Detesto este discurso politicamente correto, a fazer de conta que defende os interesses dos mais fracos quando, na verdade, é apenas incitar as pessoas a tirarem de si a irracionalidade. Como protesto, que pobreza.

No caso do texto do "Observador", coisa muito diferente se passa. Li por aí que branqueava o papel de Mário Machado como líder de movimentos racistas e xenófobos e os crimes que cometeu.

Devo dizer que gostei imenso do texto e que não me senti minimamente tentada a concordar com Mário Machado. Sempre achei que as suas ideias eram erradas e o seu comportamento racista altamente reprovável. Fiquei contente quando a justiça o prendeu pelos crimes que cometeu.
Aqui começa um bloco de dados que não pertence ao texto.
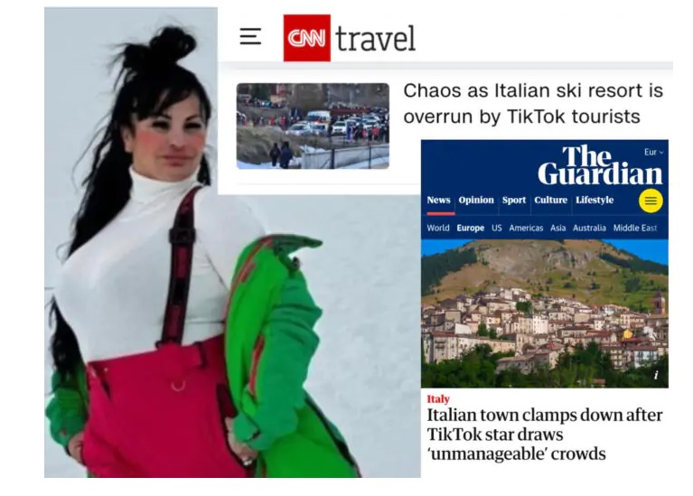 Tutto partì ( in tempi non sospetti) dalla celeberrima battuta di Checco Zalone nella pellicola “Quo Vado?”: “Mamma al Circolo Polare Artico fa freddissimo, più di Roccaraso ma’, sì di più!”, quanto mai profetico allora, il film diventa realtà con una sceneggiatura perfetta fra il tragicomico. Per vivere con ironia la situazione che si è venuta a creare a Roccaraso la settimana scorsa, si può digitare la parola su uno dei motori di ricerca e una montagna (è il caso di dire) di risultati on line spuntano fuori. Si va dal detonatore dei tiktoker, in particolare della napoletana Rita De Crescenzo e dei suoi video, l’influencer più ricercata dai media, a partire dalla intervista sulle pagine del quotidiano il Centro dei colleghi Daniele Cristofani e Erika Gambino, fino al TgUno, ai dibattiti sulle reti nazionali. Lo striscione all’Olimpico di ieri durante la partita Roma Napoli con lo sfottò: “Solidarietà alle popolazioni di Roccaraso”, l’inossidabile Gianni Morandi di corsa con lo sfondo del cartello d’ingresso sulla pagina dell’Abruzzese Fuori Sede, i residenti del paese che si preparano al week end murando porte e finestre e i ristoratori speranzosi in vista di in vista di una possibile “invasione”. Insomma siamo sommersi più che di neve, di una popolarità, volenti o nolenti che ci porta anche all’estero, il prestigioso The Guardian titola: “La città italiana chiude dopo che la star di TikTok attira folle ingestibili” e la Cnn Travel: “Caos perché la stazione sciistica italiana è invasa dai turisti di TikTok”. Ovviamente si viaggia sul filo dell’ironia ben vengano i turisti campani nel rispetto reciproco. E qualcuno rimembra i vecchi cinepanettoni?… Prossima stazione (sciistica) Ovindoli? Tornando a Checco Zalone, ricordate quando l’attore pugliese rimase bloccato con la sua navetta proprio a Roccaraso mentre cercava di raggiungere le piste da sci e fu “salvato” proprio dal sindaco Di Donato? No, non era un film ma ora potrebbe diventarlo Checco!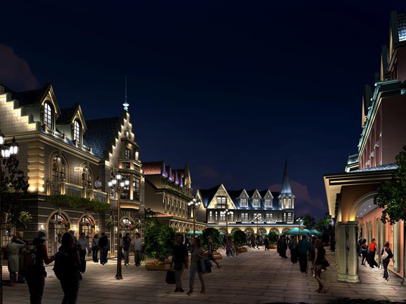 欧式建筑商业街夜景效果图-湖南亮化设计公司
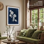 Wall Decor | Floral vintage botanical - Indigo Pressed | Custom Size & Frame • Ready to Hang • Made in India • Eco-Friendly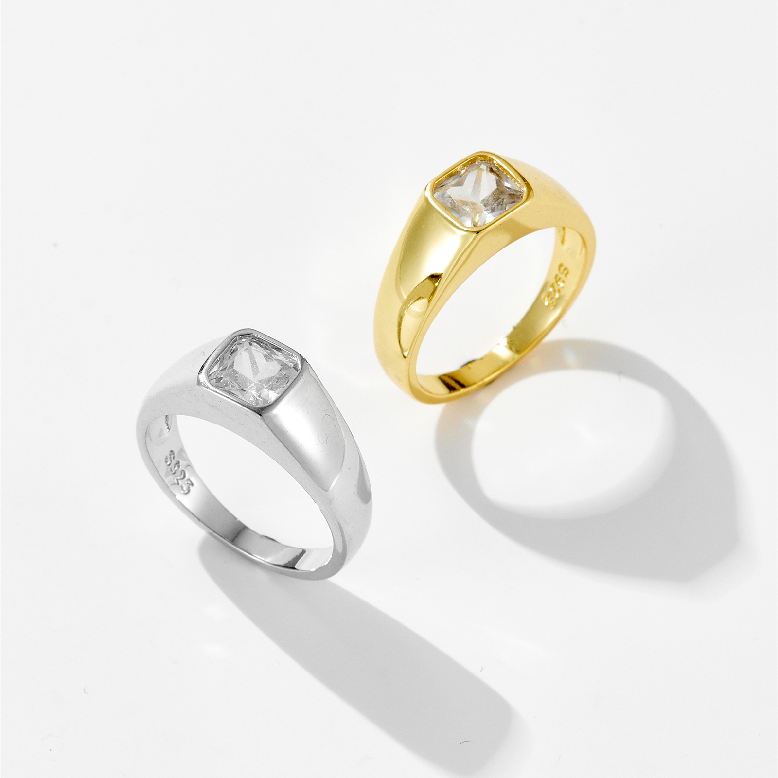 Be the first to review “White Copper Gold Plated Square Stone Solitaire Band Ring, 6x6mm Stone, 9.5mm Band Thickness-TTR075”

Crimes que atentavam contra a paz com que me apetece vivier no mundo. Detesto violência. E quando acabei de ler o texto continuei a achar a mesma coisa sobre ele. A história de amor? Achei surpreendente e, por cinco nanosegundos, até me passou pela cabeça isto: "as mulheres fazem cada coisa para não ficarem sozinhas". Foi um flash, ok? A mulher tem o direito a gostar dele e achar que é educado e romântico. A bem dizer, e é aqui que vou: ele próprio, cumprida a sentença pela qual foi condenado, tem o direito a reiniciar uma vida e a ter opiniões. Por mais que me pareça inacreditável que alguém pense que seria melhor viver num mundo em que dois homens e duas mulheres não possam casar, não posso fazer nada. As pessoas pensam como pensam e desde que não prejudiquem os outros, temos de os aceitar. Desde que não prejudique os outros. Isto é muito importante dizer (reforçar).

As coisas que ele pensa repugnam-me de tal forma que a minha primeira reação é dizer "devia ser proibido poder manifestar-se, associar-se, qualquer coisa". Mas essa é, precisamente, a armadilha destas convicções: proibi-los é jogar com os mesmos trunfos que eles e o pensamento, por mais proibido que seja, é sempre livre.

 

Os Mários Machados desta vida com o "Mein Kampf" na mesa de cabeceira é que acham que é bom um mundo conforme às suas convicções racistas e machistas. Deixá-los, pois, pensar como queiram. E se querem formar partidos, força. Logo que respeitem a Constituição e os princípios de não discriminação. Se forem capazes, acho bem. Criem os partidos que quiserem. E se forem da paz, tudo bem. A questão, porém, é que não me parece que sejam capazes de respeitar isto tudo ao mesmo tempo. Esta era a minha opinião antes de saber que Mário Machado tinha uma história de amor para contar. O texto apenas a vincou mais.